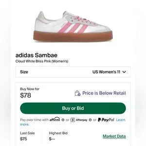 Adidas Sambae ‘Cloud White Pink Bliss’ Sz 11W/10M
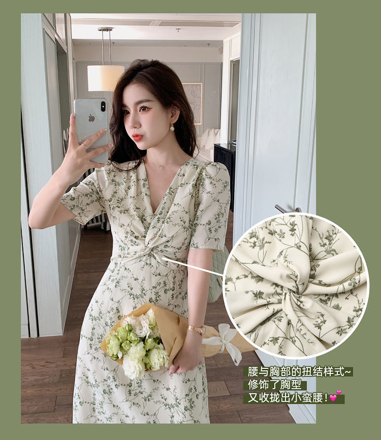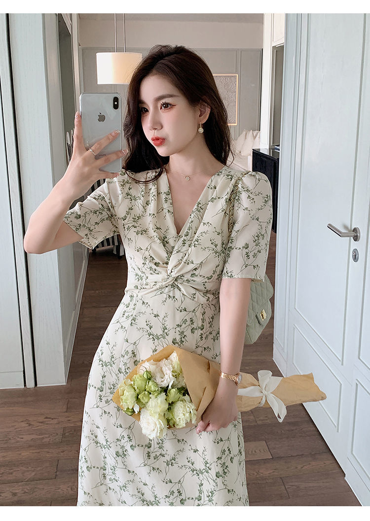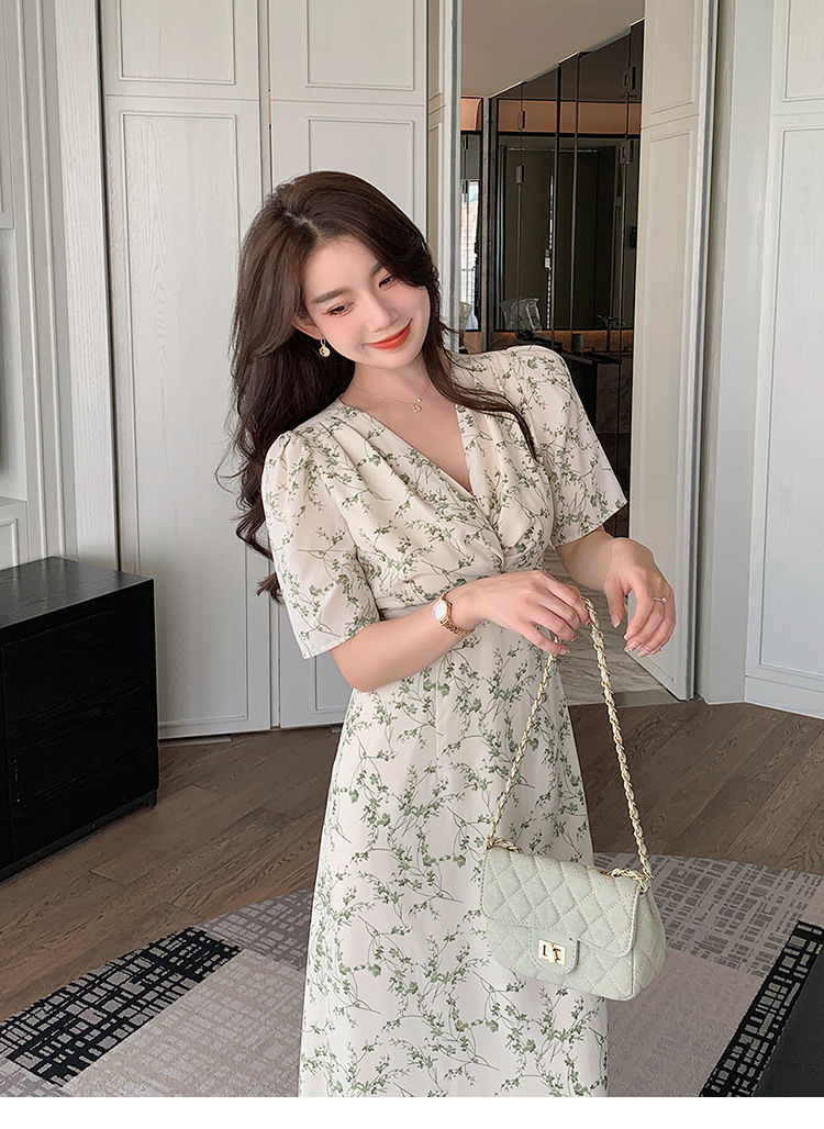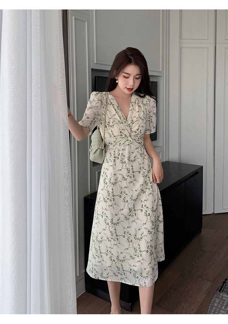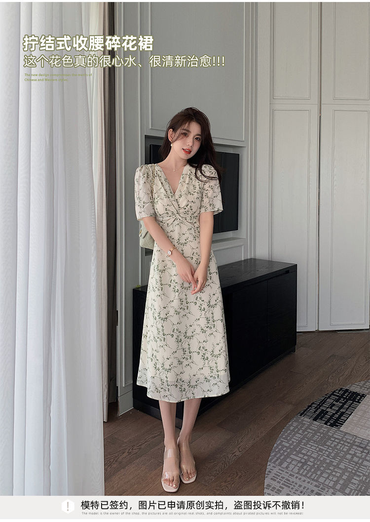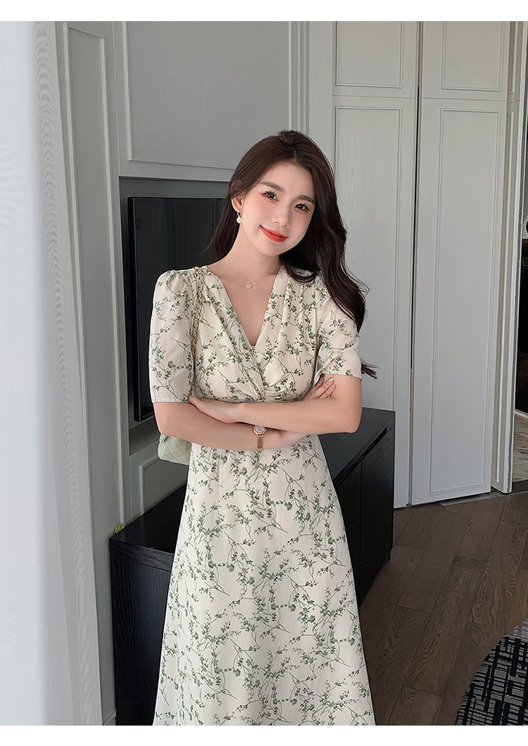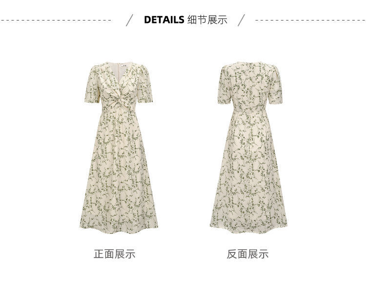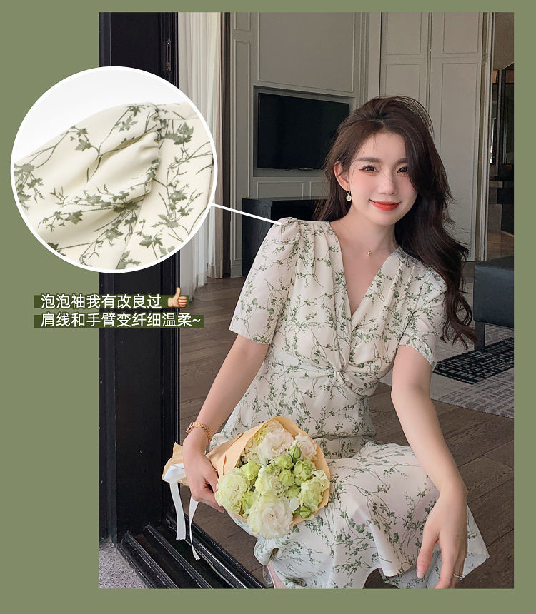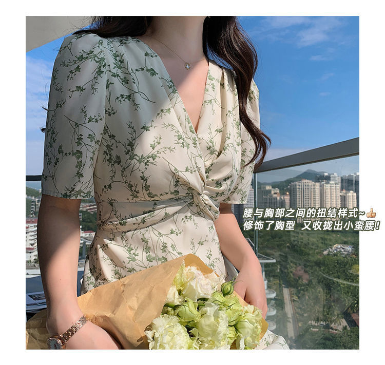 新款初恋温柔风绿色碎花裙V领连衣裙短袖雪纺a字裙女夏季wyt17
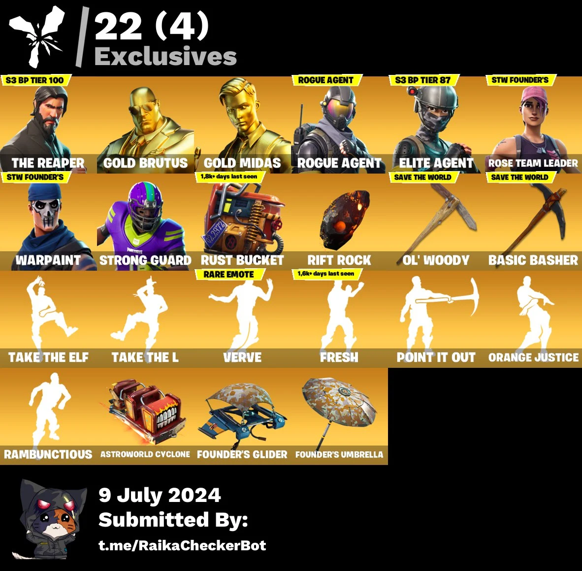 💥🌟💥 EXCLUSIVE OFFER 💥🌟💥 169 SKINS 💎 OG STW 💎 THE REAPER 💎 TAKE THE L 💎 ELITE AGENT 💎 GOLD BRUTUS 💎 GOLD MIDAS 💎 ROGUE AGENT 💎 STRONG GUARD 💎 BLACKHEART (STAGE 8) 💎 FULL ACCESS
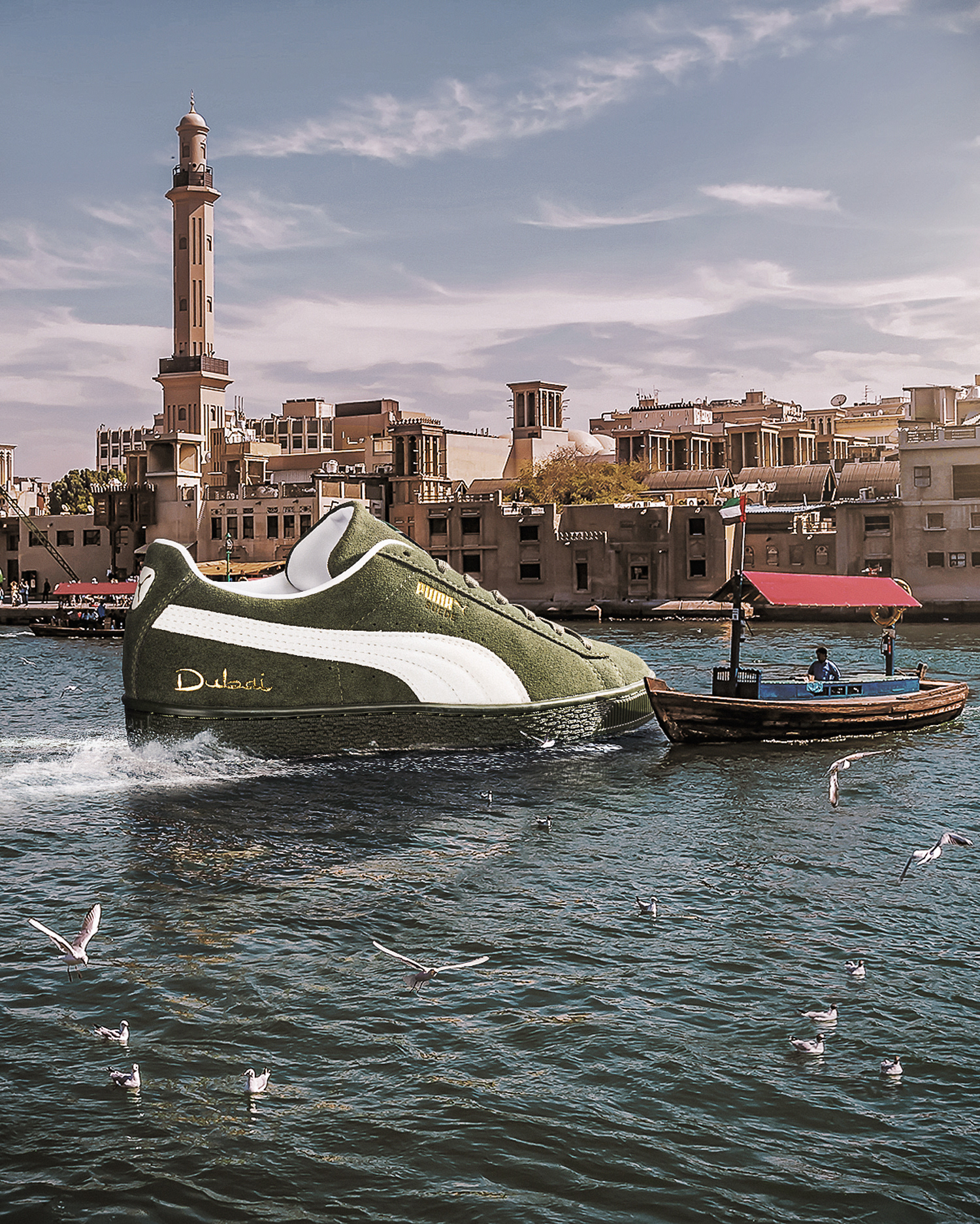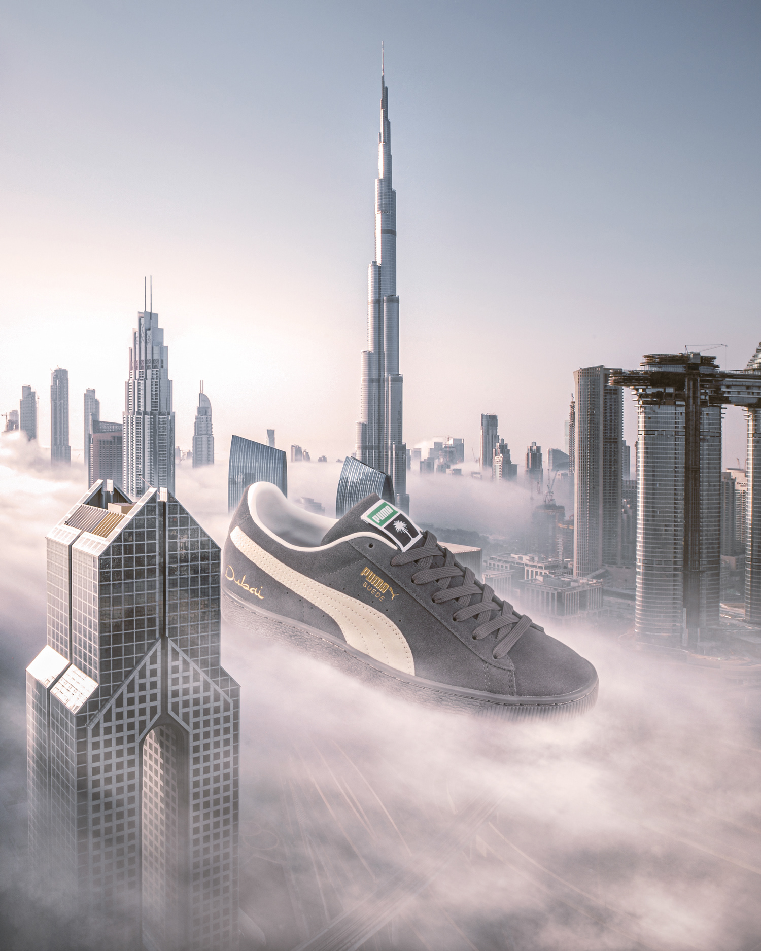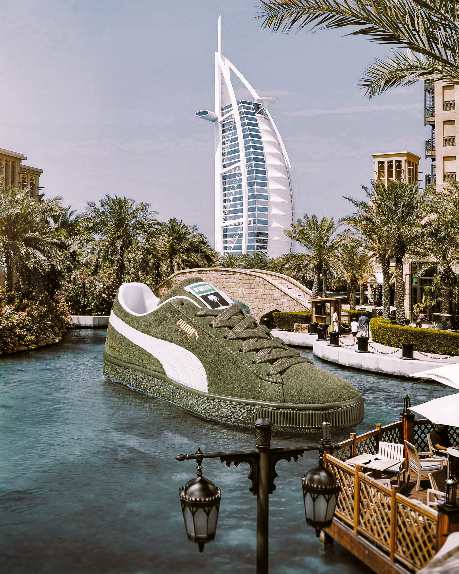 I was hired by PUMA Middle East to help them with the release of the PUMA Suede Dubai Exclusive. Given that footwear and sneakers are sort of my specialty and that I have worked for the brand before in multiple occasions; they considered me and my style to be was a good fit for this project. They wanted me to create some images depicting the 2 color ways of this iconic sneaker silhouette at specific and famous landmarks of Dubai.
◆ ◆ ◆ ◆
> [ABOUT THIS EXERCISE] What the answer must hold: all the data above, given again exactly, without pictures.

> [EXERCISE RESULT]
 Adidas Sambae ‘Cloud White Pink Bliss’ Sz 11W/10M
 新款初恋温柔风绿色碎花裙V领连衣裙短袖雪纺a字裙女夏季wyt17
 💥🌟💥 EXCLUSIVE OFFER 💥🌟💥 169 SKINS 💎 OG STW 💎 THE REAPER 💎 TAKE THE L 💎 ELITE AGENT 💎 GOLD BRUTUS 💎 GOLD MIDAS 💎 ROGUE AGENT 💎 STRONG GUARD 💎 BLACKHEART (STAGE 8) 💎 FULL ACCESS
 I was hired by PUMA Middle East to help them with the release of the PUMA Suede Dubai Exclusive. Given that footwear and sneakers are sort of my specialty and that I have worked for the brand before in multiple occasions; they considered me and my style to be was a good fit for this project. They wanted me to create some images depicting the 2 color ways of this iconic sneaker silhouette at specific and famous landmarks of Dubai.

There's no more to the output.